In a multistakeholder collaboration, the Department of Health (DOH), the Department of Education (DepEd), and the Local Government of the City of Manila, in partnership with healthcare company MSD in the Philippines, organized a school-based vaccination event titled “Sa Aking Paglaki, Walang HPV” at Aurora Quezon Elementary School.
The event was organized pursuant to DepEd Memorandum No. 173, series of 2017, also known as the “Inclusion of the Human Papilloma Virus (HPV) Vaccination in School-Based Immunization Program,” as well as DOH Department Memorandum No. 2015-0316, also known as “Guidelines in the Implementation of HPV Vaccination.”
The School-based Immunization Program (SBIP) aims to protect school-aged children against vaccine-preventable diseases. In 2015, the DOH introduced the HPV vaccination program in public schools nationwide. It has since expanded to benefit female Grade 4 students aged 9 to 13 years old to help protect them against cervical cancer. This age group benefits the most from the vaccination program as they are not yet exposed to HPV, which usually results from sexual activity.
One hundred fifty (150) female learners from Aurora Quezon Elementary School received the HPV vaccination during the activity.
Prior to administering the vaccine, parents’ consent must first be obtained by school officials. That is why vaccination education campaigns usually highlight the role of parents in fortifying the health shield of their children through timely vaccination against diseases.
The burden of cervical cancer
Cervical cancer is largely preventable through both vaccination and screening for precursor lesions, with appropriate follow-up and treatment. It typically develops over several years, providing ample time to detect and treat abnormal changes in cervical cells that could eventually lead to cancer. With access to information, preventive services, and routine gynecological care, most cases of the disease can be prevented and successfully treated at an early stage.
In spite of this, cervical cancer ranks as the 2nd most frequent cancer among women in the Philippines and the 2nd most frequent cancer among women between 15 and 44 years of age. Current estimates indicate that every year 7,897 women are diagnosed with cervical cancer and 4,052 die from the disease.
Cervical cancer develops at the entrance to the uterus from the vagina and around 99 percent of the cases are linked to HPV or human papillomaviruses. Modes of transmission include sexual contact, skin-to-skin contact, and rarely, through objects exposed to the virus.
Things you need to know about HPV
One life-altering issue that deserves focus is the huge burden that continues to threaten women and men, including teenagers worldwide, caused by the human papillomavirus or HPV. HPV is a common virus that is passed from one person to another during sexual contact.
Although some of the infections from this commonly occurring virus with more than 100 types usually go away on their own, at least 14 types of HPV have been found to be cancer-causing.

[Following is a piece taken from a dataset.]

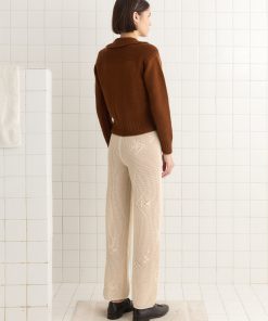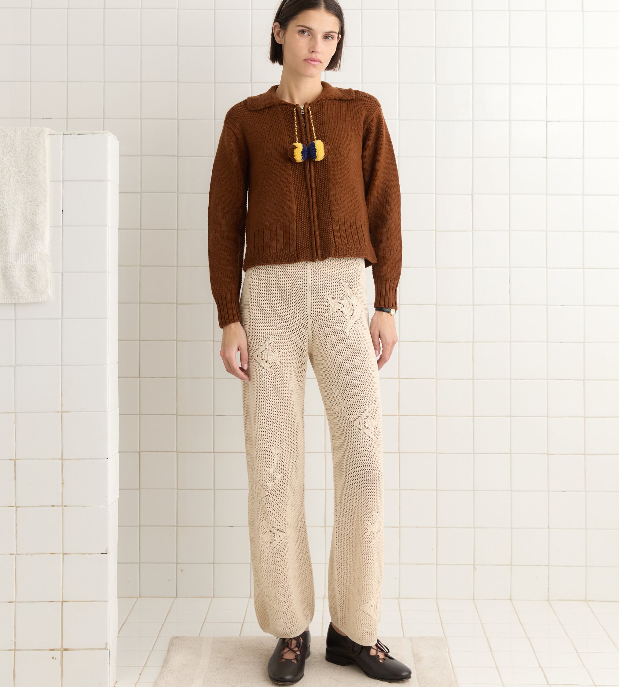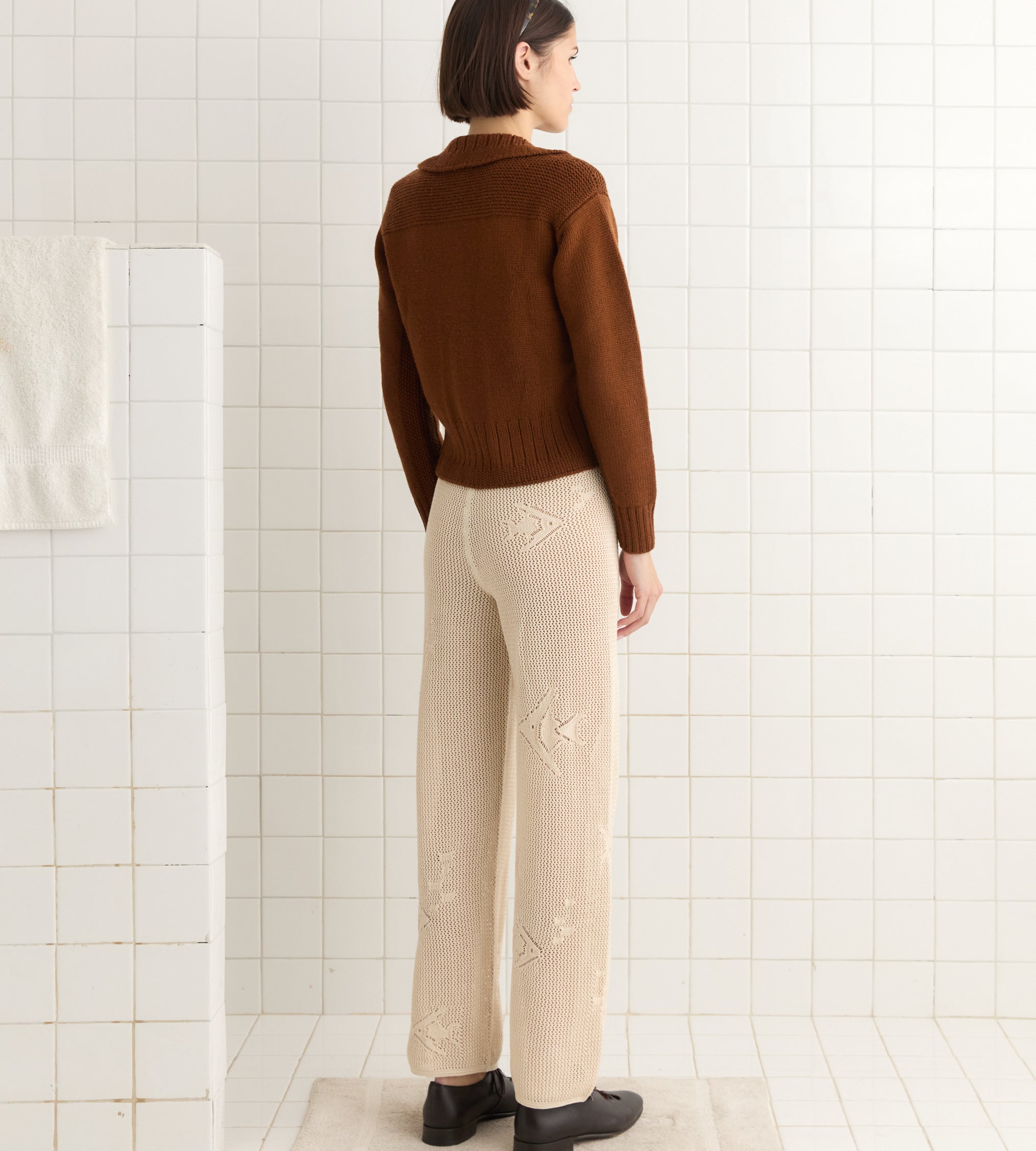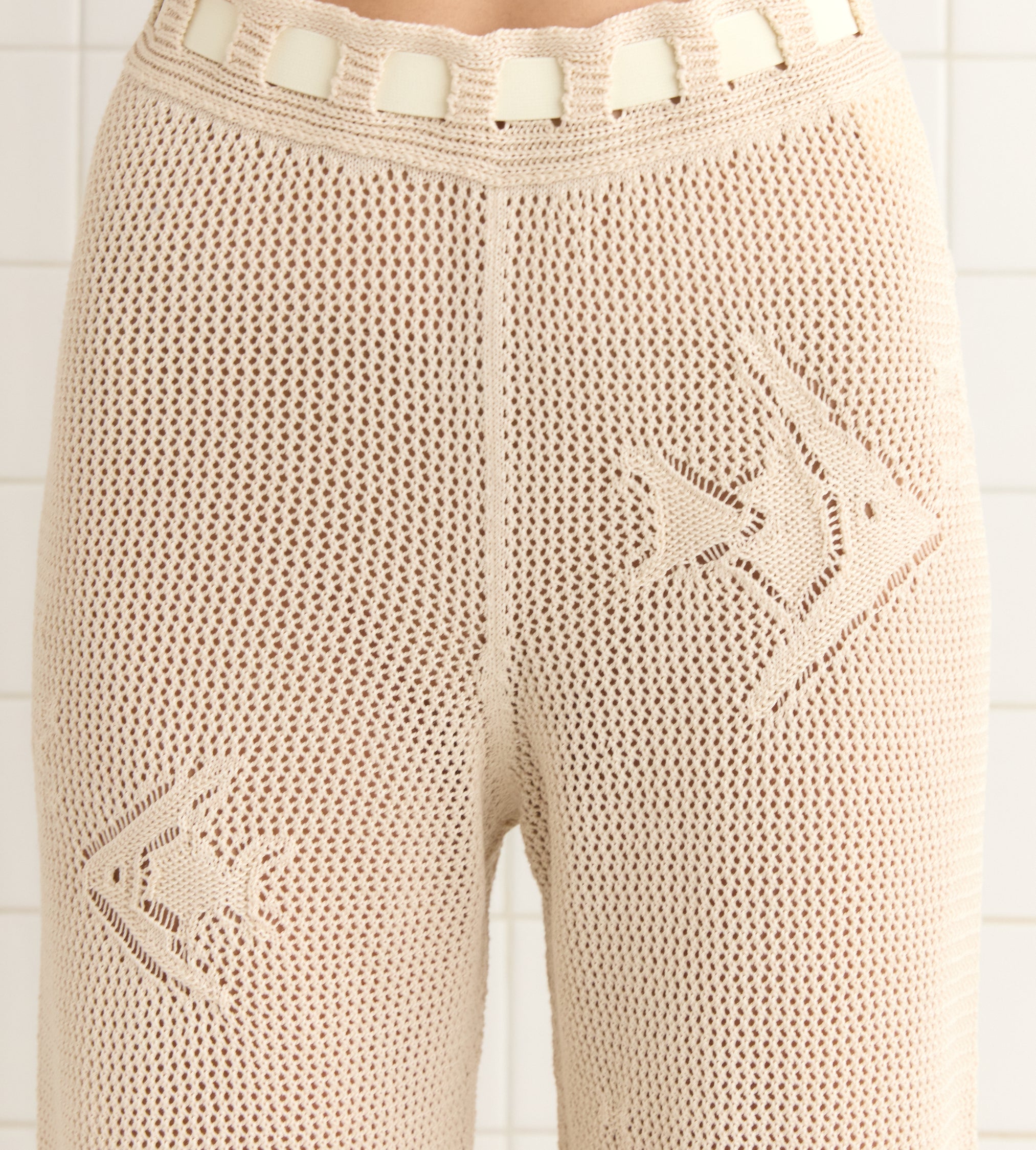 These pants are inspired by a printed tee from the 1970s. We reproduced the angel fish pattern in a knit lace for this style, which features a woven elastic around the waistband.
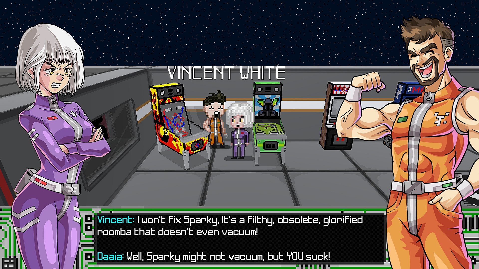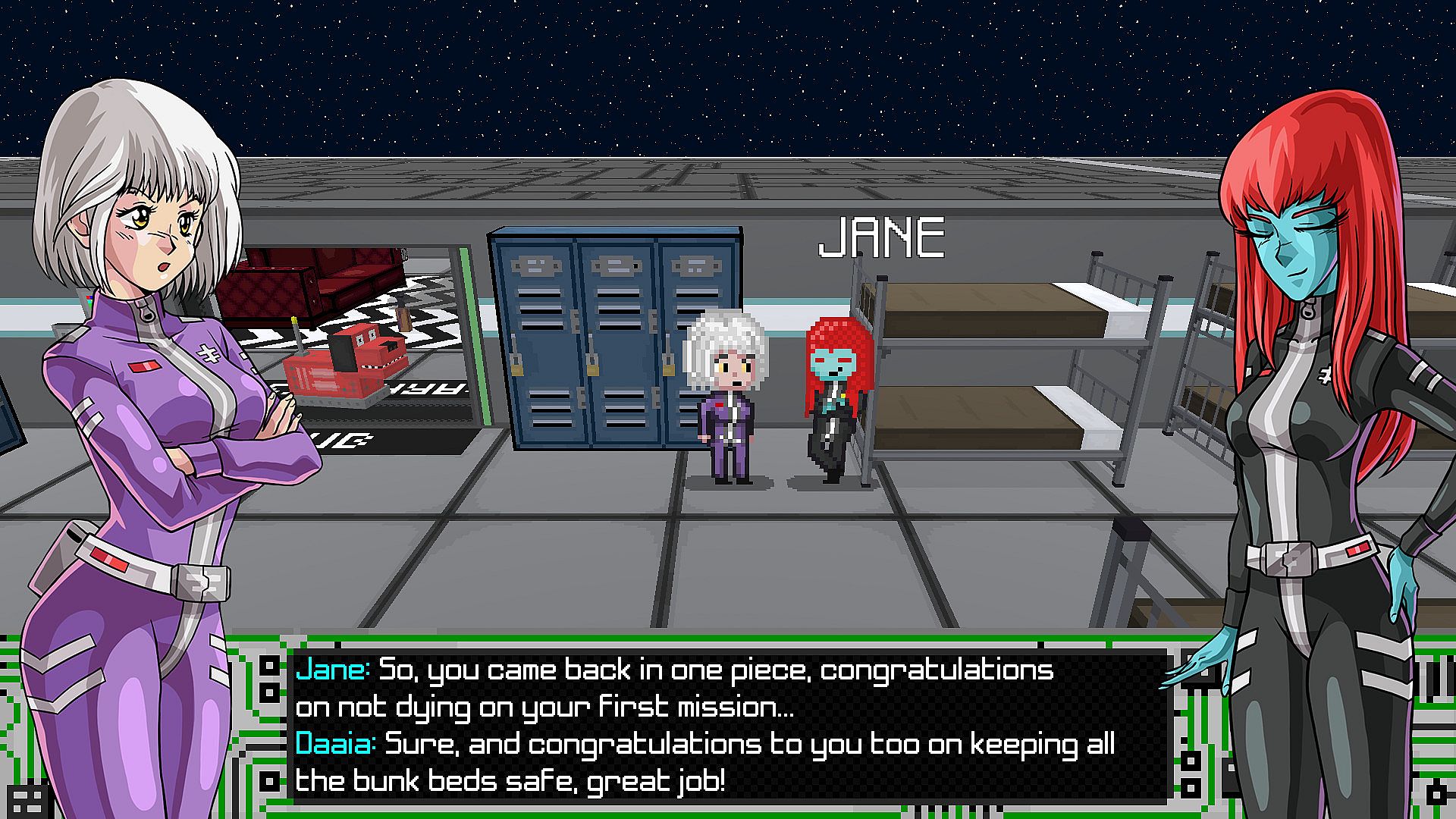 Meet Major Daaia, the best pilot the Federation has ever seen! During a routine defense operation, Daaia receives a mysterious message from humanity's mortal enemy, the Rolars. The message kick-starts an intergalactic adventure of epic proportions inspired by 80s and 90s anime. Visit alien planets, meet all kinds of weird and silly characters, and uncover the truth behind the war with the Rolars.

These HPV-related cancers and diseases are cervical cancer, vaginal and vulvar cancers, penile cancer, anal cancer, oropharyngeal cancer, and genital warts.
The Philippines has a population of 37.8 million women ages 15 years and older who are at risk of developing cervical cancer. About 2.9% of women in the general population are estimated to harbor cervical HPV-16/18 infection at a given time, and 58.6% of invasive cervical cancers are attributed to HPVs 16 or 18. While most infections will go away on their own, those that don’t go away can cause certain types of cancer including:
- Cervix, vagina, and vulva in women
- Penis in men
- Anus in both men and women
- Back of the throat (called oropharyngeal cancer), including the base of the tongue and tonsils, in both men and women
HPV vaccines can be given starting at nine years old to both girls and boys. It is recommended that all preteens have HPV vaccination, so they are protected from HPV infections that can cause cancer later in life. Teens and young adults through age 26 years who didn’t start or finish the HPV vaccine series also should have HPV vaccination. Women up to age 45 may be eligible for vaccination after discussing with their provider.
Towards a cervical cancer-free future
The elimination of cervical cancer has been defined as achieving an incidence rate low enough for the disease to be considered controlled as a public-health problem; this threshold has been defined by the WHO as fewer than 4 cases per 100,000 women per year.
To accomplish this, every country must reach and maintain three key targets, within the lifetime of today’s young generation. The first is for 90 per cent of girls to be fully vaccinated against the human papillomavirus (HPV) by the age of 15. The second is to ensure that 70 per cent of women are screened using a high-performance test by the age of 35, and again by age 45. The final target is for 90 per cent of women with pre-cancer to receive treatment and for 90 per cent of women with invasive cancer to have their condition properly managed.
Achieving this vision and each of the elimination targets will require a whole-of-society and multisectoral approach to ensure health systems prioritize women and girls. Individuals, families, communities, , civil society, and government agencies at all levels have a role to play in championing greater awareness, education, and social support. Together, let’s commit to women everywhere to end cervical cancer.